К счастью – хотя, кто знает, действительно ли к счастью, о чем, панове, вы сможете судить только в конце моего повествования, – он предложил мне составить ему компанию в путешествии, и тогда меня это очень порадовало. У Мартина во Львове не было никого из знакомых, и он никогда там не бывал, но множество раз слышал об этом известном городе, поэтому он подбивал меня оставаться с ним во Львове и вместе управлять аптекой, при этом не пренебрегая врачебной практикой. Мне не хотелось начинать свою карьеру с того, что я буду сидеть у кого-то на шее, но выхода не было, и мы отправились в путь в ноябре 1646 года. Альпы уже были покрыты снегом, и гигантские сосны вдоль гористого пути приветствовали нас, как стражи в ад – снежная вьюга мела в лицо, а лошади испуганно фыркали и еле брели. С Божьей помощью мы преодолели этот сложный путь, в конце концов, мы были не одни, а присоединились к группе купцов, а уже за Альпами встретила нас теплая осень и роскошные винодельни Кремса и Шпица, где мы на несколько дней остановились и попробовали местные вина. Такая хорошая погода сопровождала нас и дальше, пока мы не проехали Карпаты, а в Галицкой Руси нас уже ждали снега.
Мы ехали по снежной долине, которую продолжали засыпать хлопья снега, склонившись на лошадиные гривы и вздыбившись, словно вороны, в своих черных плащах и черных шляпах, надвинутых на глаза. Иногда бросали взгляд вперед себя, а затем снова успокаивались и дремали, покачиваясь в такт с головами лошадей. Далеко впереди в легкой дымке уже угадывались колокольни Шкла из-за земляного вала с частоколами.

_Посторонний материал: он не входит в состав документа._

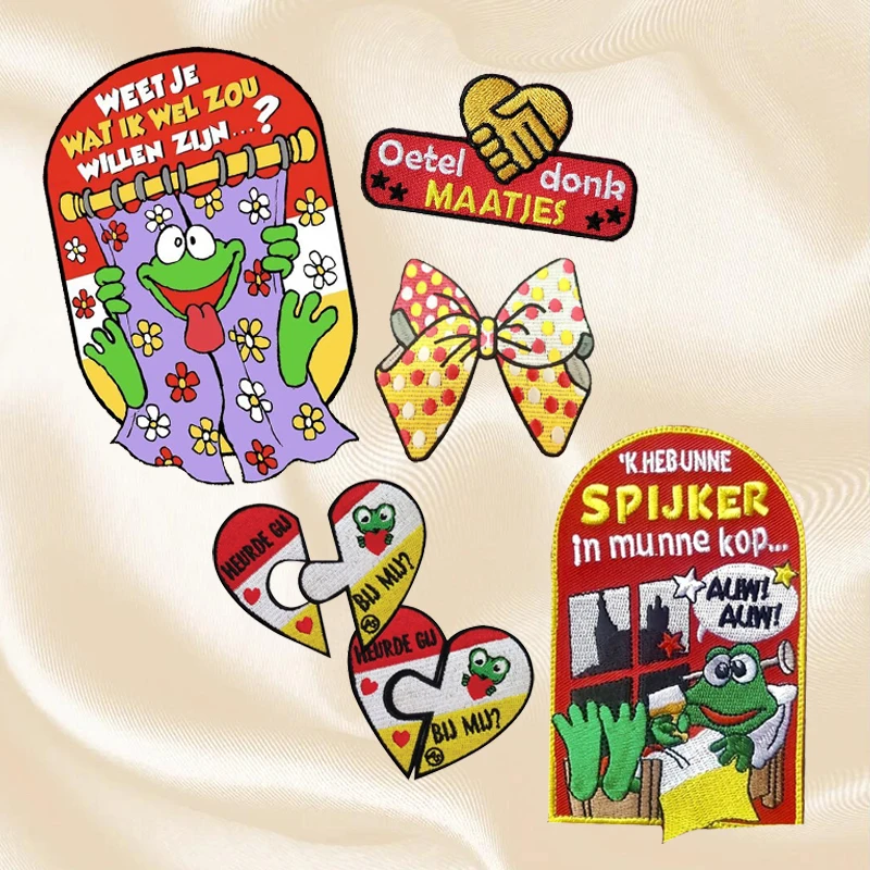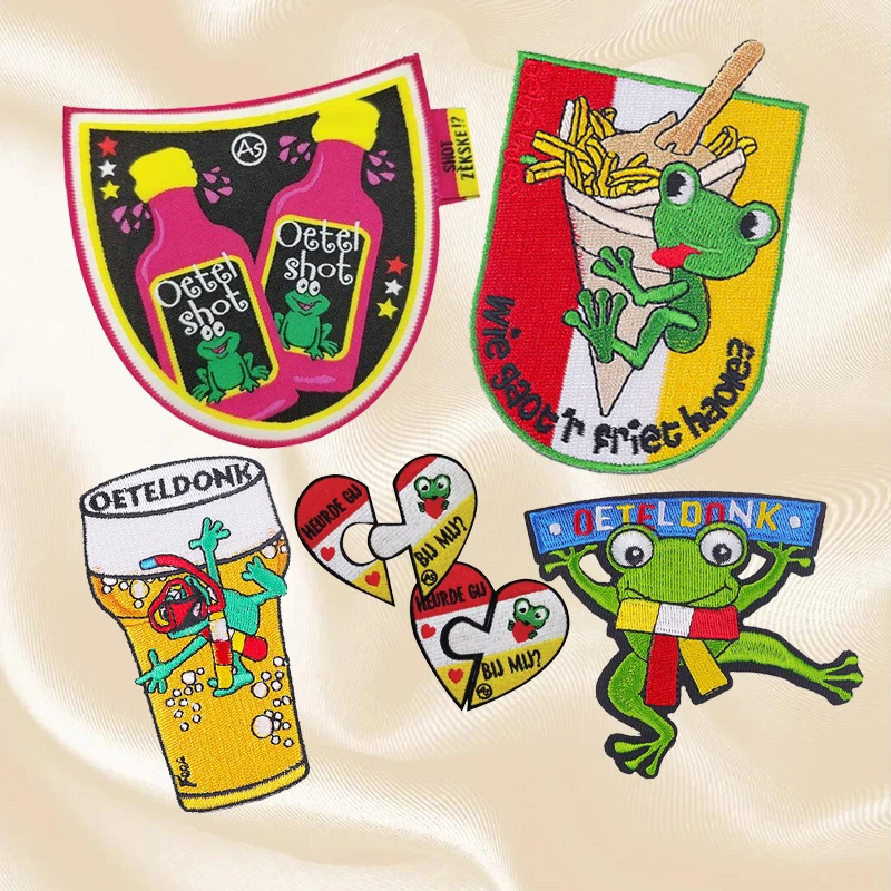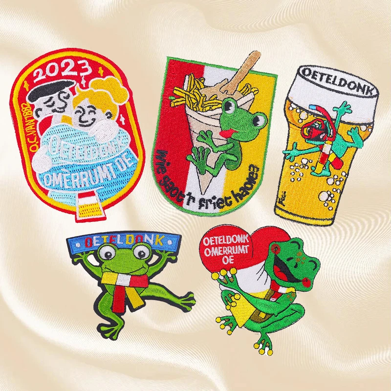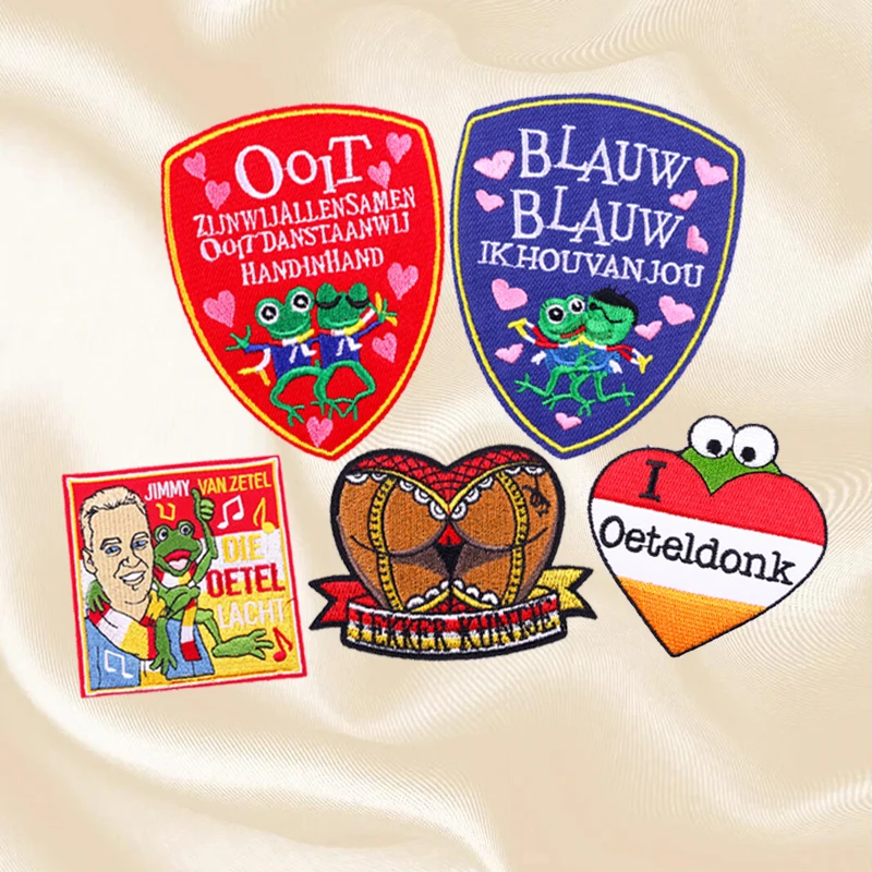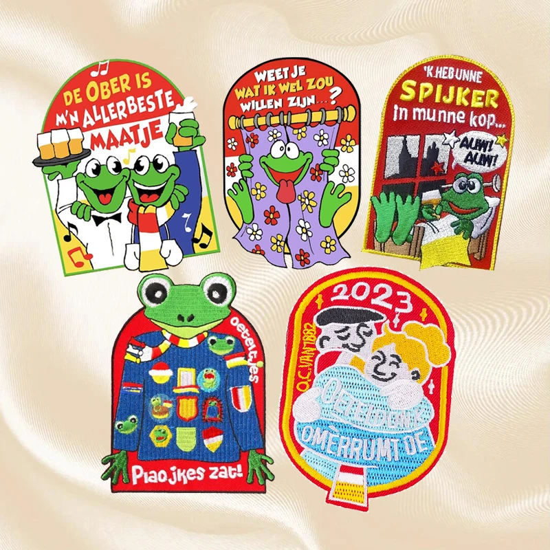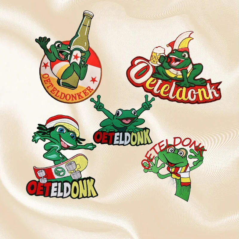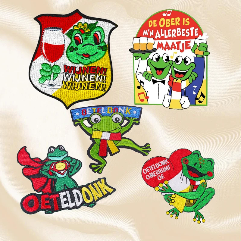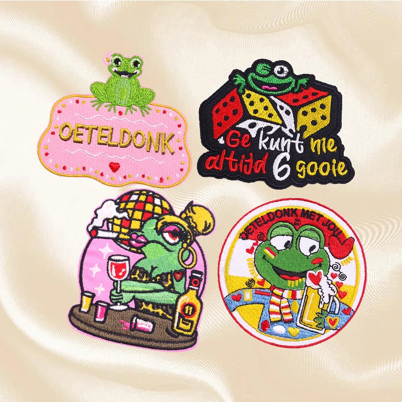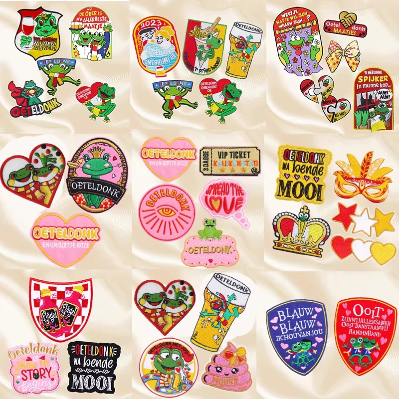 Juego de 2-6 uds de parches con emblema Oeteldonk, parches de carnaval para Países Bajos, parches para planchar para ropa, aplicaciones de planchado de rana de dibujos animados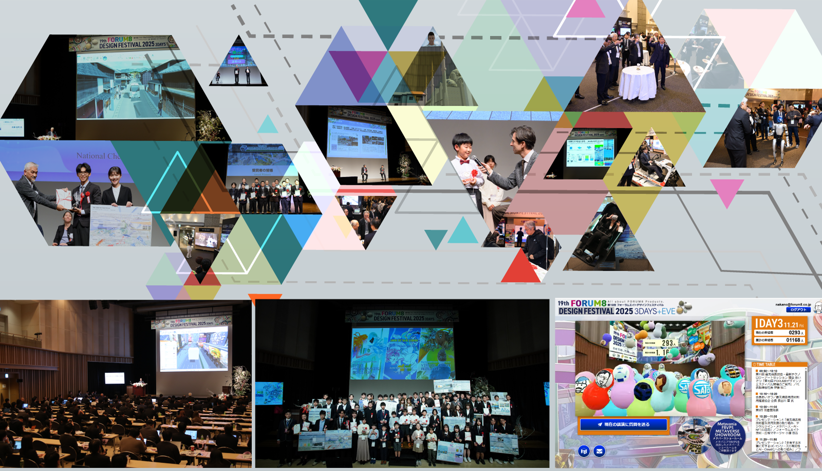 本年のデザインフェスティバルは、Eveを受け「第10回 自動運転・サステナブルカンファランス」「第26回 UC-win/Road協議会(VRカンファランス)」「第11回 最先端表技協・最新テクノロジーセッション」「第18回 国際VRシンポジウム」および「第19回 デザインカンファランス」を構成する各種講演や発表、「第24回 3D・VRシミュレーションコンテスト・オン・クラウド」「第13回学生クラウドプログラミングワールドカップ(CPWC)」「第15回 学生BIM & VRデザインコンテスト オンクラウド(VDWC)」「第11回 ジュニア・ソフトウェア・セミナー」「第9回 羽倉賞」および「第12回 ナショナル・レジリエンス・デザインアワード(NaRDA)」の公開審査や表彰式、出版書籍の著者講演などにより展開されました。
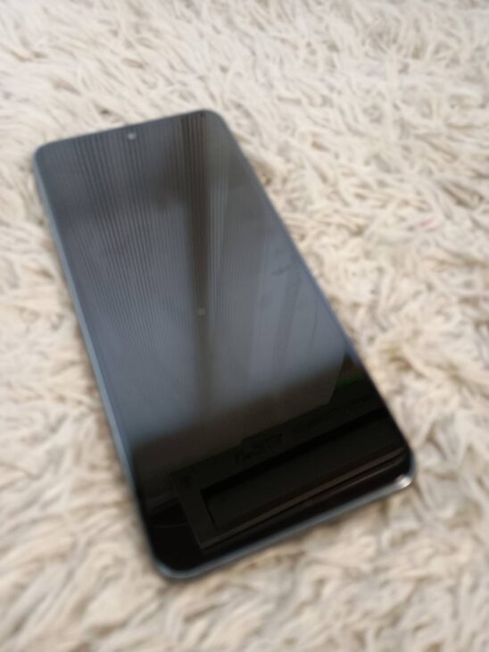 お預かりしたGalaxy A20は、動作に問題はないものの全体的に使用感が見られる状態でした。液晶面には細かなスレがあり、光にかざすと擦過痕が目立つ部分も確認されました。背面パネルは比較的きれいでしたが、下部にわずかな歪みと小キズが見られました。側面フレームにも角に軽微なチップがあるなど、通常使用に伴うダメージは一定レベルで見受けられました。

И когда мы радовались, что уже скоро, через несколько каких-то миль окажемся во Львове и, наконец, отдохнем в тепле и уюте, мне показалось, что я заметил впереди движение, что-то темное мелькнуло в кустах и притаилось. Мы придержали лошадей, напряглись и положили руки на пистолеты. Через минуту из кустов раздался выстрел, Мартин ахнул и припал к шее коня. Я выстрелил, в кустах кто-то вскрикнул, а когда вторая пуля пролетела у меня над ухом, то я, не раздумывая, пришпорил коня и погнал его прямо на кусты, не давая нападающему возможности перезарядить оружие. Оттуда выскочил человек с мушкетом, второй лежал вверх лицом в крови и уже не дышал. Конь ударил передними копытами разбойника, сбил его с ног, я соскочил с коня и, приставив кинжал к его горлу, спросил:
– Кто вас послал?
– Мы… мы н-не знаем… – заморгал от испуга он. – Мы сидели в корчме у Краковских ворот. К нам подошел какой-то человек… его лицо закрывали поля шляпы… да и темно там было. Только клинышек бородки торчал. Он описал вас, дал нам кошелек и сказал, чтобы мы вас подстерегли на дороге.
– Обоих?
– Нет, того, у кого на глазу черная повязка. А если бы кто-нибудь был с ним, то и его.
– Ну вы же и стрелки…
– Пальцы, пан, о… окоченели, – голос у него дрожал от страха. – Мы вас долго ждали… с самого утра, а вы только сейчас прибыли. Я говорил, что надо бы руки согреть, но мой товарищ не позволил костер развести.
Он еще что-то нес, надеясь на свое спасение в этом тарахтении, словно этими словами хотел разжалобить, убедить, что здесь нет его вины, что они были лишь наемниками, исполнителями чужой воли, и, когда я выдернул из-за пояса веревку и принялся скручивать разбойнику руки, он с облегчением вздохнул и замолчал, надеясь, что теперь его уже не убьют. После я бросился к Мартину. Он уже сполз с коня и тяжело дышал на снегу. Глаза его были печальны. Ранение в живот явно было смертельным, но я расстегнул на нем кафтан в надежде, что пуля угодила лишь в бок, однако, к сожалению, это было не так.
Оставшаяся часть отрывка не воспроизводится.